## Polychoric correlations

Some researchers (e.g. Holgado–Tello et al. (2010), Garrido et al. (2013)) suggest using an alternative to the Pearson correlation when correlating two ordinal categorical variables. Polychoric (or tetrachoric in the case of two binary variables) correlations assume that the continuous measure underlying the categorical variables is normally distributed.

If this is the case then it has been shown (for example in Homer, P and O’Brien, RM (1988)) that polychorics more accurately estimate the correlation between pairs of categorical variables. Polychoric correlations are not estimated in SPSS but may be estimated using this syntax from R and incorporated into SPSS versions 16 and above. In addition there is a SPSS macro, located in r_tetra.sps, that computes a single tetrachoric correlation located here.

SAS users can use this SAS macro to estimate a matrix of polychoric correlations which can be used in the SAS factor analysis procedure or create a file of correlations which can be exported for use in SPSS where they may be inputted in lieu of raw data (Kinnear and Gray, 1999). There is also a PC programme freely downloadable from JS Uebersax’s website here. A help guide is included showing an example of its use. Yiu and Poon (2008) present a downloadable spreadsheet which computes polychoric correlations for pairwise 3 x 3 tables of frequencies. Polychoric correlations may also be computed using this spreadsheet which can the be copied and pasted into a SPSS spreadsheet. Tetrachoric correlations may be computed using a spreadsheet.

The polychoric correlations can then be typed into a correlation matrix which is entered using syntax into SPSS by inputting the correlation matrix directly rather than the raw data (Kinnear and Grar, 1999). An example correlation input file for four variables, V1, V2, V3 and V4, is given below. Column one identifies the rows as either containing sample sizes or correlations, column two contains the variable names, the remaining columns give the sample sizes and correlations for the four variables.

N 20.0000000 20.0000000 20.0000000 20.0000000 CORR V1 1.0000000 .3360000 .1617943 -.1944917 CORR V2 .3360000 1.0000000 -.0763708 .1959513 CORR V3 .1617943 -.0763708 1.0000000 -.0093707 CORR V4 -.1944917 .1959513 -.0093707 1.0000000

This data file can then be directly inputted into a factor analysis by running the following syntax into a syntax window.

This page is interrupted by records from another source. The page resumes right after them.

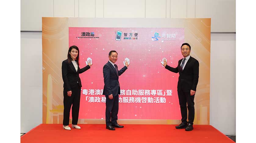 【特訊】爲促進灣區政務高質量發展,澳門特區政府與香港特區政府再度聯動合作,推進粵港澳高頻政務服務跨境通辦,在香港數字政策辦公室的大力協助下,自即日起,於香港“粵港澳跨境政務自助服務專區”設置“澳政易”自助服務機。啓用活動今天在香港庫務大樓舉行,由香港數字政策辦公室黃志光專員、廣東省政務服務和數據管理局顧君冬總工程師及澳門身份證明局陳婉麗副局長擔任主禮嘉賓。
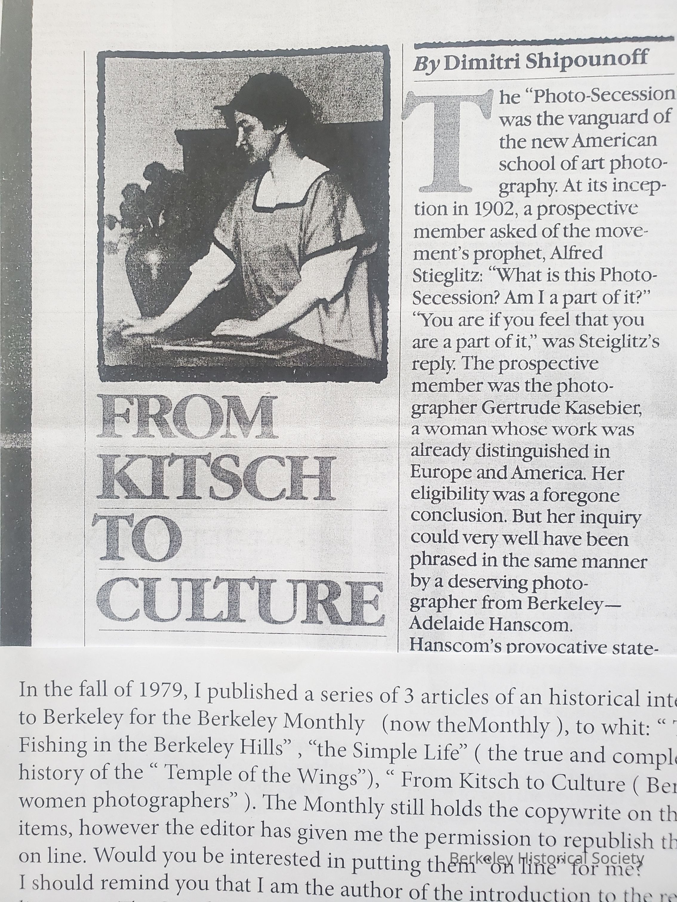"From kitsch to culture: in the early 1900s Adelaide Hanscom and her fellow photo-secessionsts redefined photography as a true art form."
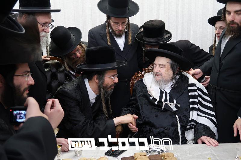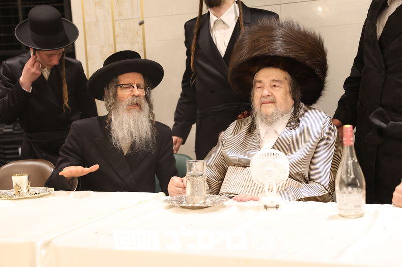 הגאון רבי משה פריעדמאן שליט"א דומ"ץ סאטמאר בארא פארק ארה"ב, וכ"ק אדמו"ר מיערוסלוב שליט"א בשמחת ברית במעון קדשו של פאר עדתנו ופאר הדור הגה"צ רבי יעקב מאיר שכטער שליט"א | קרעדיט יחיאל רייכמאן.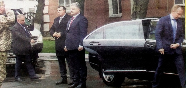 В черном «Мерседесе» на переднем сиденье был Атрошенко, на заднем — Кулич и Порошенко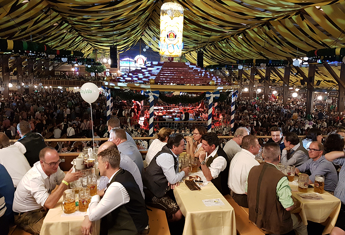 I år var det 185:e gången som Oktoberfest genomfördes och som vanligt är det sex lokala bryggerier som har hand om öltälten. Det handlar då om Paulaner, Hofbräu, Hacker Pschorr, Spaten, Augustiner och Löwenbräu. Runt själv ölområdet finns också tivolin och en massa andra utställare.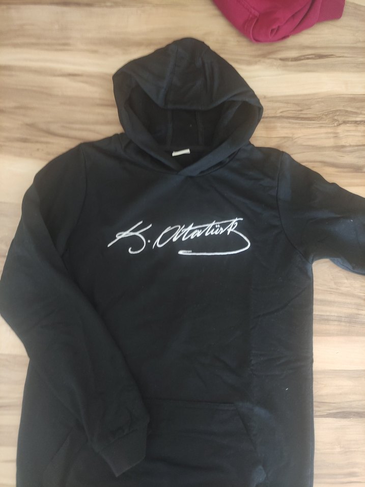 Siyah kapüşonlu erkek çocuk sweatshirt, uzun kollu ve bol kesimdir. yumuşak kumaştan üretilmiştir.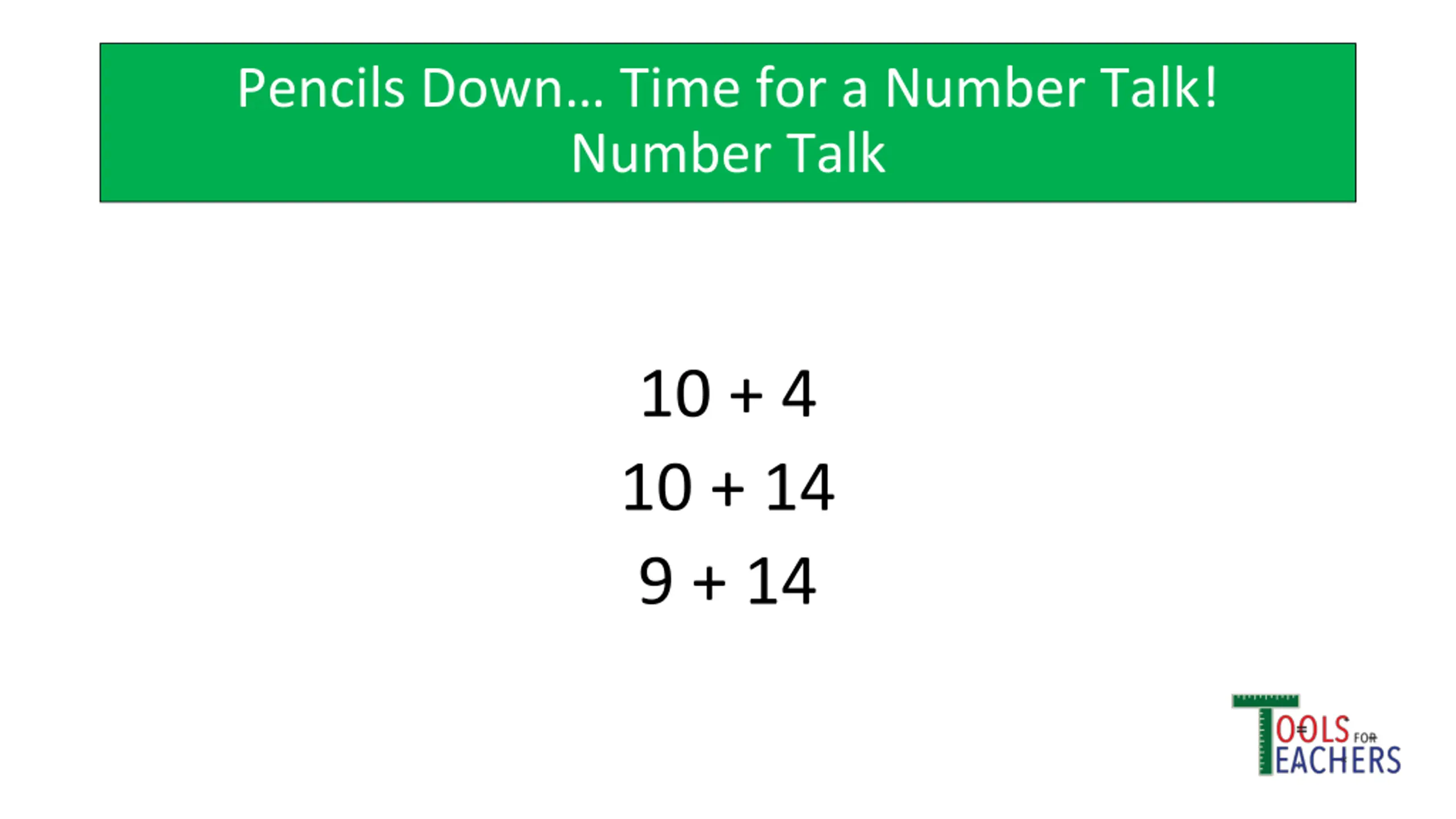 Pencils Down Time for a Number Talk! Number Talk 10 + 4 10 + 14 9 + 14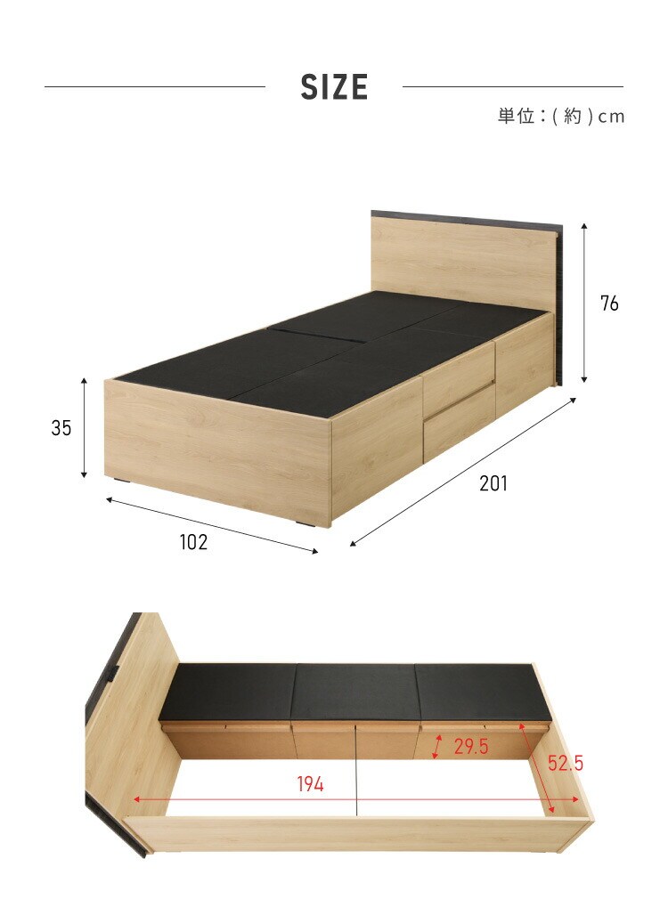 幅102×奥行201×高さ76(床板面高さ35)cm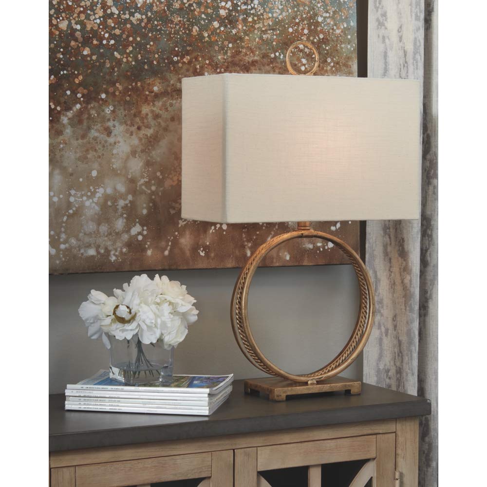Illuminate your space with the elegance of the Signature Design by Ashley Table Lamp Set. Crafted with a sophisticated antique gold finish, these lamps feature a stunning rounded shape that adds a touch of high drama to any room. Perfect for enhancing your decor, they provide warm ambient lighting to set the mood and create an inviting atmosphere.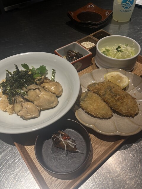 焼き牡蠣、サラダ、牡蠣フライ、牡蠣めし、牡蠣の佃煮、牡蠣のオイル漬け、牡蠣の味噌汁が全て1つになった、夢が詰まった定食。期待に違わず、牡蠣にはぷりっぷりの身が詰まっています。お世辞抜きでどの一品も最高に美味しいです。この値段でも安いと思えてしまうほどのクオリティ。+¥500して特選定食にするのもいいと思います。

FACTOR MATRIX IN(COR=*) /MISSING=LISTWISE /ANALYSIS=V1 V2 V3 V4 /PRINT=CORRELATION /PLOT=EIGEN /EXTRACTION=ML /ROTATION=OBLIMIN .

References

Garrido, L.E., Abad, J.J. and Ponsoda, V. (2013) A new look at Horn's parallel analysis with ordinal variables. *Psychological Methods* **18(4)**, 454-474. Parallel analysis is a factor extraction method which extracts only those factors with eigenvalues greater than the average of those produced from those obtained from simulations using independent variables (the 'by chance' scenario). Matlab code is given in the appendix.

Homer, P. and O’Brien, R.M. (1988) Using LISREL models with crude rank category measures. *Quality and Quantity*, **22**, 191-201.

Holgado–Tello, F.P., Chacón–Moscoso, S., Barbero–García, I. and Vila–Abad E. (2010) Polychoric versus Pearson correlations in exploratory and confirmatory factor analysis of ordinal variables. *Quality and Quantity* **44(1)**, 153-166.

Kinnear, P. and Gray, C.D. (1999) SPSS for windows made simple. Third Edition. Psychology Press:Hove,East Sussex, England. Chapter 15 in the 1999 edition details how to input a correlation matrix into SPSS. This may also be in the 2009 edition.

Olsson, U. (1979) Maximum likelihood estimation of the polychoric correlation coefficient. *Psychometrika,* **44(4)**, 443-460.

Yiu C.F. & Poon, W.Y. (2008) Estimating the polychoric correlation from misclassified data. *British Journal of Mathematical and Statistical Psychology*, **61**, 49-74.